WHAT IS EXPECTED = Within the records that follow, restate exactly the lines from the line with "Rosa-Luxemburg-Platz is a" down to the line with "Bộ khớp 5 chi", including both. Omit the pictures.

GIVEN DATA =

<<<<

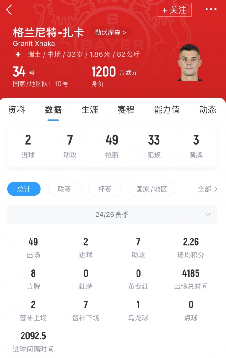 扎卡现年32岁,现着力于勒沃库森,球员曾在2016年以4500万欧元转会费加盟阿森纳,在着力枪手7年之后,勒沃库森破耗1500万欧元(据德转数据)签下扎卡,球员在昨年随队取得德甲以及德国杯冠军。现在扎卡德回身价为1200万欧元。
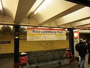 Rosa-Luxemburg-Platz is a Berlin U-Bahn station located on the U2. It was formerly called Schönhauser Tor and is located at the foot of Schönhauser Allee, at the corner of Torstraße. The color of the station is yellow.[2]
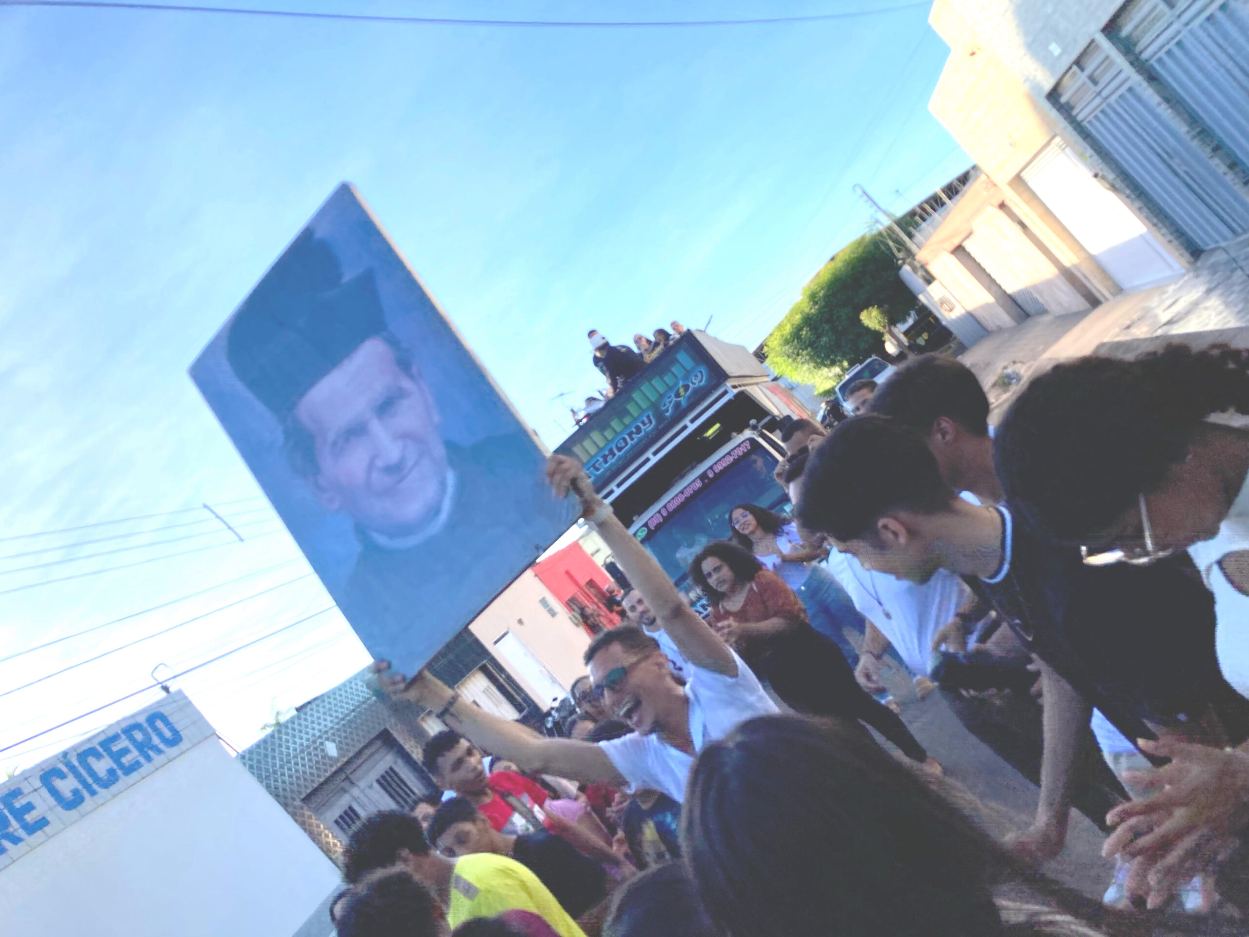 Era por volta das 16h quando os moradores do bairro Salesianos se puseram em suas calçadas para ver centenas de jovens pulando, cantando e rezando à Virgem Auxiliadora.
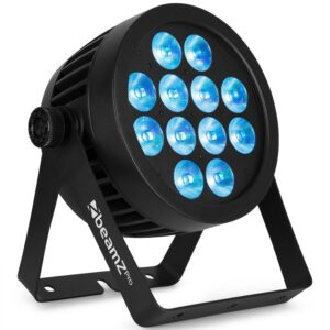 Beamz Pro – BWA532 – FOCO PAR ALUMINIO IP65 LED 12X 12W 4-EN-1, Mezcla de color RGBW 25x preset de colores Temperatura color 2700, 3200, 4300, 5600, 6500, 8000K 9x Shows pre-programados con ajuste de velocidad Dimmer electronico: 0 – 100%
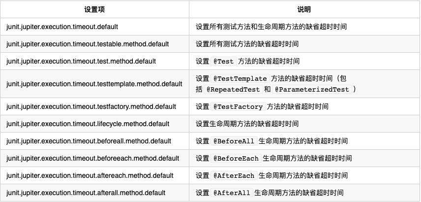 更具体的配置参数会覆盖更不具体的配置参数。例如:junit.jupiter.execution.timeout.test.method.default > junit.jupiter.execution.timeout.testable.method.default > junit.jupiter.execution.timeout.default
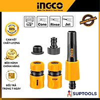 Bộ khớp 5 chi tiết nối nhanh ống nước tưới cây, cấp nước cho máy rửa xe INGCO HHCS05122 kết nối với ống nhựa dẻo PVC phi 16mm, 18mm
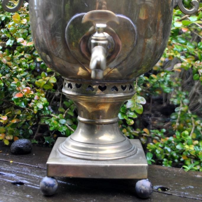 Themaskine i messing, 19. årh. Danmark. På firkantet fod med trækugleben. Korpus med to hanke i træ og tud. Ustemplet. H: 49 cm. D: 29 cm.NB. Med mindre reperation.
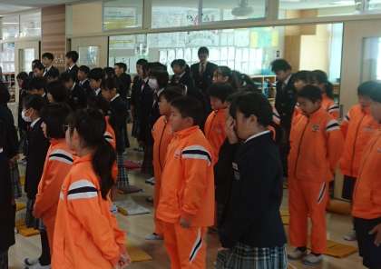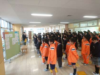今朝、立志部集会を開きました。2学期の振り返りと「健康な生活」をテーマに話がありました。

>>>>

WORKED SOLUTION =
 Rosa-Luxemburg-Platz is a Berlin U-Bahn station located on the U2. It was formerly called Schönhauser Tor and is located at the foot of Schönhauser Allee, at the corner of Torstraße. The color of the station is yellow.[2]
 Era por volta das 16h quando os moradores do bairro Salesianos se puseram em suas calçadas para ver centenas de jovens pulando, cantando e rezando à Virgem Auxiliadora.
 Beamz Pro – BWA532 – FOCO PAR ALUMINIO IP65 LED 12X 12W 4-EN-1, Mezcla de color RGBW 25x preset de colores Temperatura color 2700, 3200, 4300, 5600, 6500, 8000K 9x Shows pre-programados con ajuste de velocidad Dimmer electronico: 0 – 100%
 更具体的配置参数会覆盖更不具体的配置参数。例如:junit.jupiter.execution.timeout.test.method.default > junit.jupiter.execution.timeout.testable.method.default > junit.jupiter.execution.timeout.default
 Bộ khớp 5 chi tiết nối nhanh ống nước tưới cây, cấp nước cho máy rửa xe INGCO HHCS05122 kết nối với ống nhựa dẻo PVC phi 16mm, 18mm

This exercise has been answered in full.